Given these effects, the daily heat store has a smaller temp swing, so it
needs more capacitance... If T = 66.4+14.5K/C =
148.5-(66.4-148.5)e^(-384/C), ie 14.5K/C = 82.1(1-e^(-384/C), ie C =
177/((1-e^(-384/C)). Plugging in C = 200 on the right makes C = 207 on the
left. Repeating makes C = 210.0, then 210.9 Btu/F, eg 42 hollow concrete
blocks cooling from 135.4 to 66.4 F. Or fewer blocks, since 42 would have
more surface than 31, with smaller charging and discharging temp drops.
Heating the room directly for 6 hours with 90.2 F air from the sunspace
instead of air from the daily store would also reduce the number of blocks
required in the daily store. And a thermosyphoning air-air heat exchanger
could help. If 31.5 F air falls down through the corrugations of 64 ft^2 of
8 mm Coroplast and 10 cfm of 65 F air rises up between the Coroplast faces
with possible condensation and freezing, NTU = AU/Cmin =
128ft^2x0.75Btu/h-F-ft^2/10Btu/h-F = 9.6, and E = 9.6/10.6 = 0.906, and Tco
= 31.5+E(65-31.5) = 61.9 F, and Tho = 65-E(65-31.5) = 34.6 F, with 46.7 and
49.8 F average air temps in the hot and cold chimneys and a 3.1 F difference
between the averages.
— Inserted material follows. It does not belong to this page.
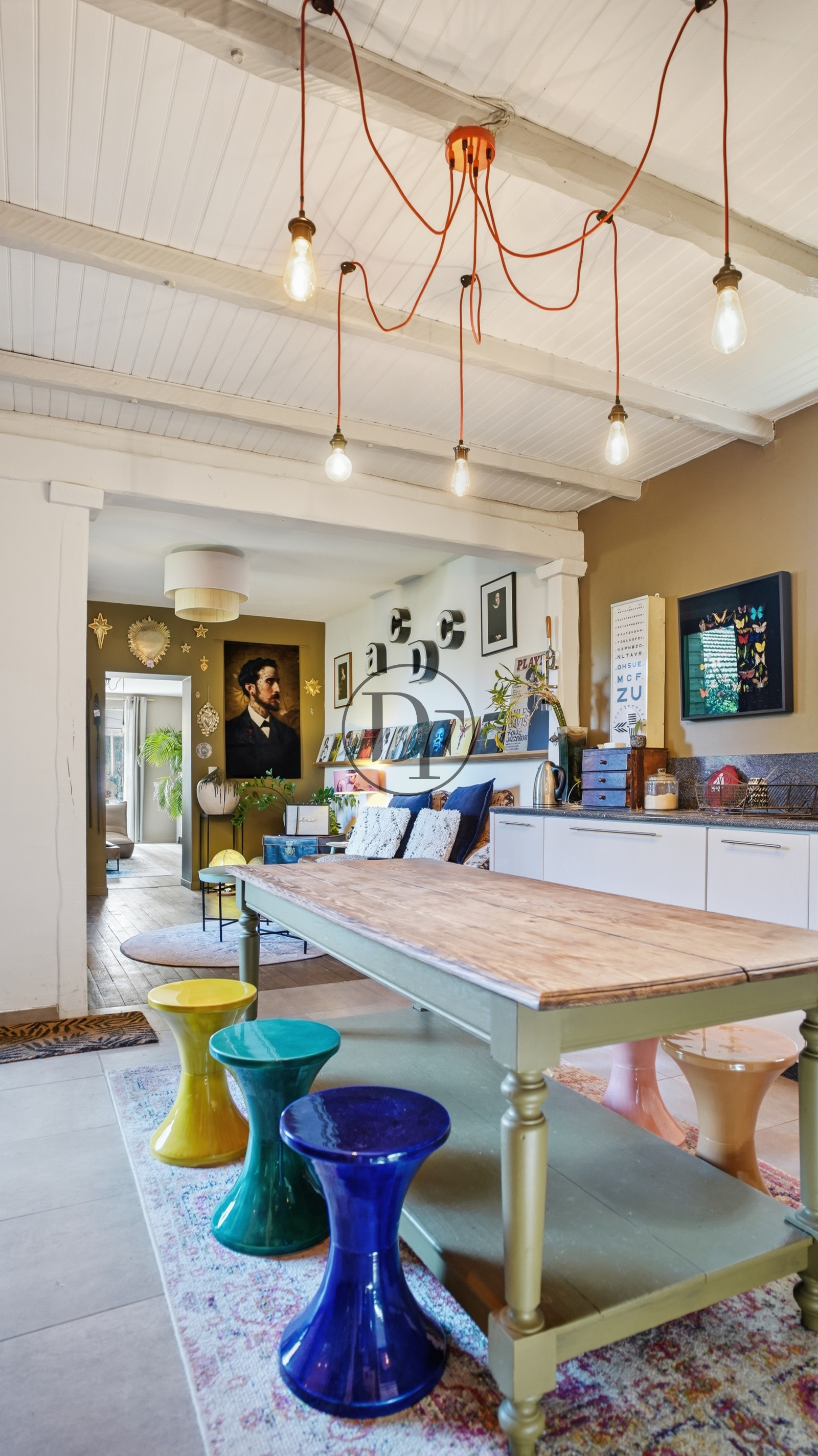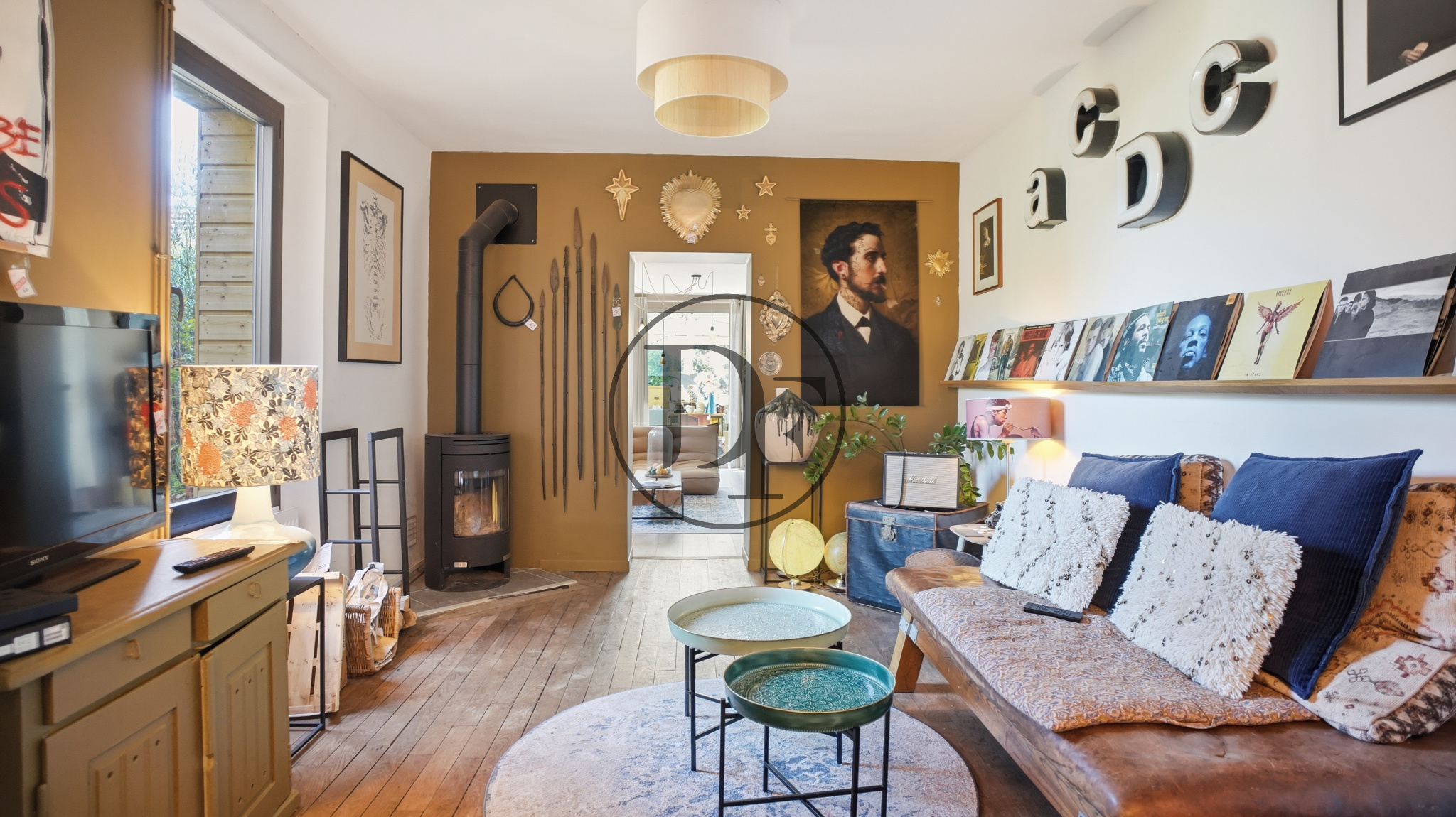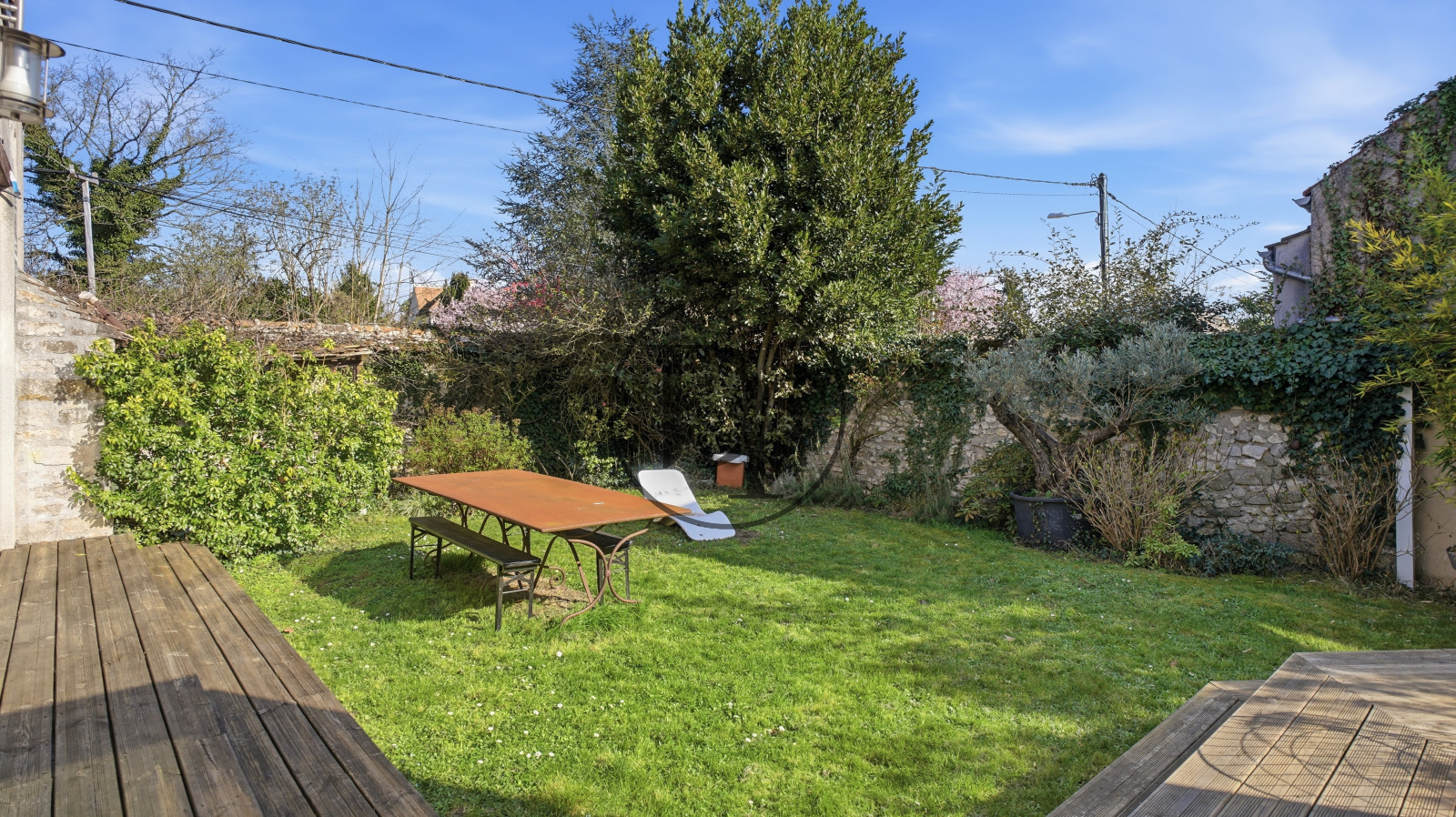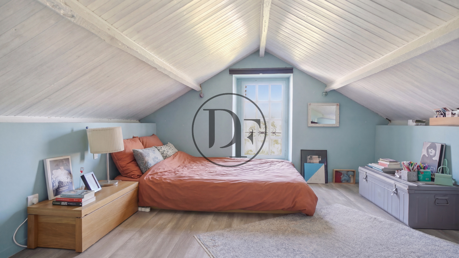 BELLE MAISON ANCIENNE EN PIERRE, LUMINEUSE ET CHATOYANTE OFFRANT 143M2 DE SURFACE HABITABLE ET 185M2 DE SURFACE UTILE, ENTIÈREMENT RÉNOVÉE AVEC GOUT, ÉLÉGANCE ET CONFORT. HABILLÉE D'UN BARDAGE BOIS ET OUVERTE SUR UN DOUBLE JARDIN PAYSAGER ET ARBORÉ DE 394M2, ELLE OFFRE UN CADRE DE VIE INTIME ET APAISANT.

Not much, for thermosyphoning air. So maybe this heat
exchanger needs 2 small DC fans that only run when the indoor RH or CO2
concentration exceed 60% or 1000 ppm, with an Arduino controller that can
also shut off the cold air fan if condensation in the outgoing air passage
begins to freeze, eg http://www.youtube.com/watch?v=wexdNx_StRc
Without these refinements, the room needs 5x14.5K = 72.5K Btu for 5 cloudy
days in a row, with an approximate solar heating fraction of 1-2^-5 = 0.97.
This could come from 72.5K/(135-70) = 1108 Btu/F of cloudy-day mass with
lots of surface cooling from 135 to 70F, eg 2 vertically-stacked 450 Btu/F
steel 55 gallon drums with plastic film liners surrounded by a layer of
rocks inside a 3'-diameter x 6' tall cylindrical welded-wire ag fence
gabion.
If the drums are well-insulated with strawbales, trickle-charging them hot
won't require much daily overflow hot air from the daily air heater, which
could first heat the daily store to 135 with thermosyphoning air and a
passive one-way plastic film damper, then heat the cloudy store behind the
daily store with more thermosyphoning air and another film damper.